Actitud que se mantiene en «Fugacidad de lo terreno», de su segundo libro:
Todo es de polvo, soledad y ausencia.
Todo es de niebla, oscuridad y miedo.
Todo es de aire, balanceo inútil,
sobre la tierra.
Manos vacías que acarician viento,
ojos que miran sin saberse ciegos,
pies que caminan sobre el mismo trecho
siempre de nuevo.
Vemos sin ver y en la tiniebla estamos.
Somos y somos lo que no sabemos.
Hay en nosotros de la llama viva
solo un reflejo.
Caen los días en otoño eterno.
Pasan las cosas entre sueño y sueño.
Llega la noche de la muerte.
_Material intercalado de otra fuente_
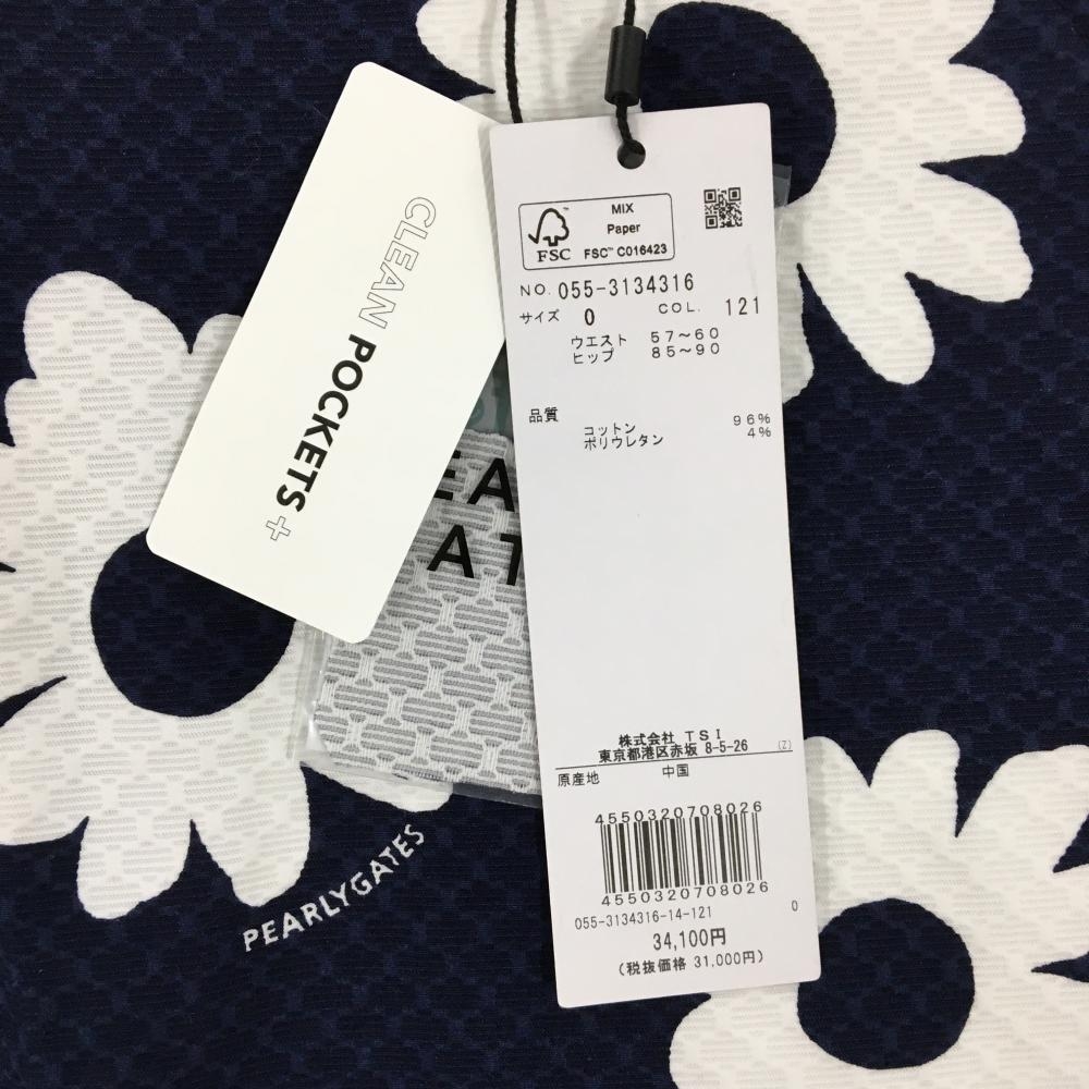 【新品】パーリーゲイツ スカート ネイビー×白 花柄 地模様 ロゴ刺しゅう レディース 0(S) ゴルフウェア PEARLY GATES

Y calla
nuestro silencio.
Por lo que atañe al segundo eje —presente prácticamente en toda su producción— Janés confía tanto en lo sensorial que considera que solo a través de él puede captarse lo verdaderamente importante, lo desconocido, no accesible por vía racional. Como afirma en el mismo texto antes citado, «el mundo de lo desconocido es el que la poesía tiene como objeto y el único que puede llevar a otra visión de lo real». Son particularmente representativos de estas palabras dos de sus libros que prefiero de su trabajo, Eros (de 1981) y el ya citado Ψ o El jardín de las delicias, a los que podríamos añadir su recentísimo Kamasutra para dormir a un espectro (de 2019), al que la excelente filóloga clásica y académica Victoria Cirlot antepuso un magnífico prólogo de significativo título: «Danzan las palabras».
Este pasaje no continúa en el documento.